You are viewing a plain text version of this content. The canonical link for it is here.
Posted to dev@samza.apache.org by Yan Fang <ya...@gmail.com> on 2014/09/10 01:54:34 UTC

Do we want to have the sliding window implementation?

Hi guys,

realize that both Storm and Spark Streaming have sliding window
implementation while Samza only has the fixed window (not sure if it's a
correct name). I think you guys must consider this idea at the beginning of
designing the Samza. What was the thought? Thank you.

Cheers,

Fang, Yan
yanfang724@gmail.com
+1 (206) 849-4108

Re: Do we want to have the sliding window implementation?

Posted by Yan Fang <ya...@gmail.com>.
@Mayur, thanks for the excellent explanation. :)

@Chris, yes, after second thought, I think we can achieve the sliding
window implementation with existing code base. Maybe adding a simple
example in hello-samza will be helpful since the implementation is not very
explicit but sliding window is a common use case.

Fang, Yan
yanfang724@gmail.com
+1 (206) 849-4108

On Wed, Sep 10, 2014 at 9:39 AM, Chris Riccomini <
criccomini@linkedin.com.invalid> wrote:

> Hey Guys,
>
> Our thought was that sliding window could be implemented with a buffer
> inside of a process() call. For example, you might have a list of 10
> elements, and every time process() is invoked, you could add the message
> to the ahead of the list, and dequeue the last element from the buffer (if
> it already has 10 elements in it).
>
> So, Samza currently doesn't support any explicit sliding window, but it
> seems to me that you could implement it in StreamTask.process() if you
> need to.
>
> Cheers,
> Chris
>
> On 9/9/14 10:31 PM, "Mayur Rustagi" <ma...@gmail.com> wrote:
>
> >Slide window is another dimension to processing
> >
> >say my batch is 3 sec  & window is 9 sec then this is what I get
> >
> >[ x1 x2 x3][x4 x5 x6][x7 x8 x9]
> >
> >This is using slide but slide is equal to window size, but i may want to
> >get last 3 elements at any point of time then that would be
> >
> >
> >[ x1 x2 x3]  after3sec  [ x2 x3 x4] after3sec  [ x3 x4 x5] after3sec  [
> >x4 x5 x6]
> >
> >to implement this  you use batch of 3 sec, window of 9 sec & slide
> >duration of 3 sec. So we are sliding every 3 sec & also getting a batch
> >every 3 sec.
> >
> >
> >
> >
> >
> >--
> >Regards,
> >Mayur Rustagi
> >Ph: +1 (760) 203 3257
> >http://www.sigmoidanalytics.com
> >@mayur_rustagi
> >
> >On Wed, Sep 10, 2014 at 5:25 AM, Yan Fang <ya...@gmail.com> wrote:
> >
> >> Hi guys,
> >> realize that both Storm and Spark Streaming have sliding window
> >> implementation while Samza only has the fixed window (not sure if it's a
> >> correct name). I think you guys must consider this idea at the
> >>beginning of
> >> designing the Samza. What was the thought? Thank you.
> >> Cheers,
> >> Fang, Yan
> >> yanfang724@gmail.com
> >> +1 (206) 849-4108
>
>

Re: Do we want to have the sliding window implementation?

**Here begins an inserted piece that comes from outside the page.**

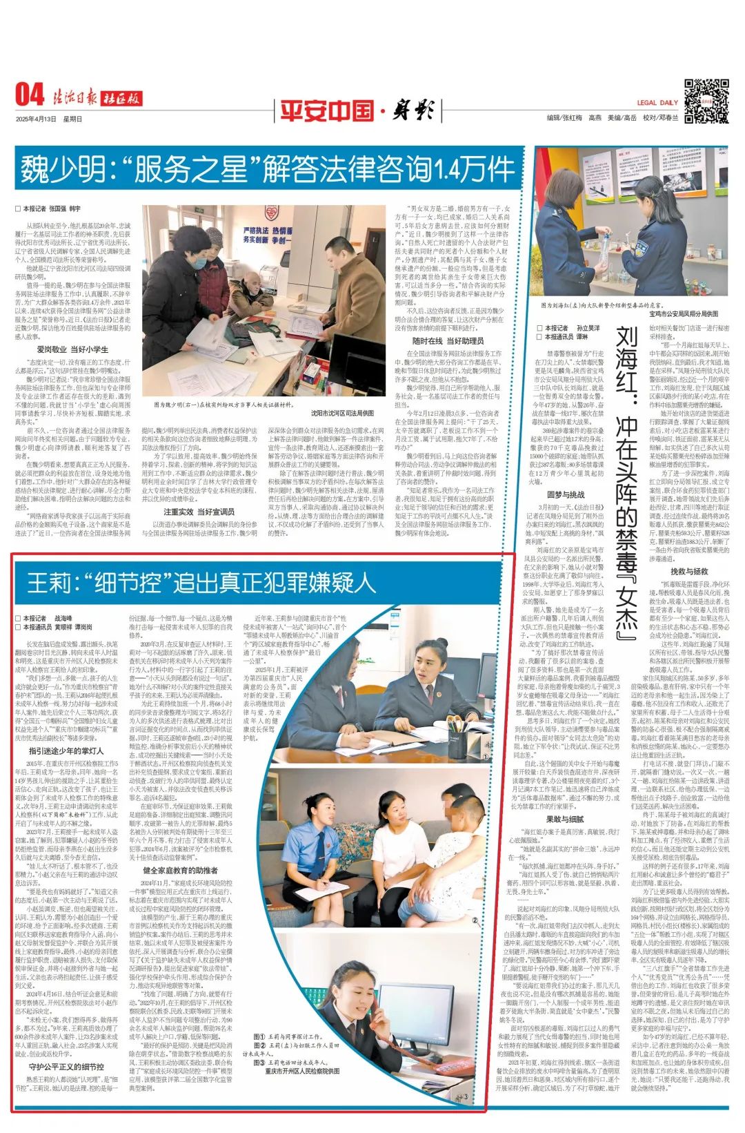 2025年4月13日,《法治日报》第4版“平安中国•身影”专刊刊登《王莉:“细节控”追出真正犯罪嫌疑人》一文,内容如下:

Posted by Dan Di Spaltro <da...@gmail.com>.
That's very similar to how Esper implements a sliding window.  They have
the concept of oldEvents and newEvents that get passed in to every
"process". oldEvents would have the old events leaving a window and
newEvents would have the new ones coming in.  The difference here is that
esper provides the sliding window capability, but it can also be helpful to
translate domain problems to your code[1].

[1]
http://esper.codehaus.org/esper-5.0.0/doc/reference/en-US/html_single/index.html#view-win-time


On Wed, Sep 10, 2014 at 9:39 AM, Chris Riccomini <
criccomini@linkedin.com.invalid> wrote:

> Hey Guys,
>
> Our thought was that sliding window could be implemented with a buffer
> inside of a process() call. For example, you might have a list of 10
> elements, and every time process() is invoked, you could add the message
> to the ahead of the list, and dequeue the last element from the buffer (if
> it already has 10 elements in it).
>
> So, Samza currently doesn't support any explicit sliding window, but it
> seems to me that you could implement it in StreamTask.process() if you
> need to.
>
> Cheers,
> Chris
>
> On 9/9/14 10:31 PM, "Mayur Rustagi" <ma...@gmail.com> wrote:
>
> >Slide window is another dimension to processing
> >
> >say my batch is 3 sec  & window is 9 sec then this is what I get
> >
> >[ x1 x2 x3][x4 x5 x6][x7 x8 x9]
> >
> >This is using slide but slide is equal to window size, but i may want to
> >get last 3 elements at any point of time then that would be
> >
> >
> >[ x1 x2 x3]  after3sec  [ x2 x3 x4] after3sec  [ x3 x4 x5] after3sec  [
> >x4 x5 x6]
> >
> >to implement this  you use batch of 3 sec, window of 9 sec & slide
> >duration of 3 sec. So we are sliding every 3 sec & also getting a batch
> >every 3 sec.
> >
> >
> >
> >
> >
> >--
> >Regards,
> >Mayur Rustagi
> >Ph: +1 (760) 203 3257
> >http://www.sigmoidanalytics.com
> >@mayur_rustagi
> >
> >On Wed, Sep 10, 2014 at 5:25 AM, Yan Fang <ya...@gmail.com> wrote:
> >
> >> Hi guys,
> >> realize that both Storm and Spark Streaming have sliding window
> >> implementation while Samza only has the fixed window (not sure if it's a
> >> correct name). I think you guys must consider this idea at the
> >>beginning of
> >> designing the Samza. What was the thought? Thank you.
> >> Cheers,
> >> Fang, Yan
> >> yanfang724@gmail.com
> >> +1 (206) 849-4108
>
>


-- 
Dan Di Spaltro

Re: Do we want to have the sliding window implementation?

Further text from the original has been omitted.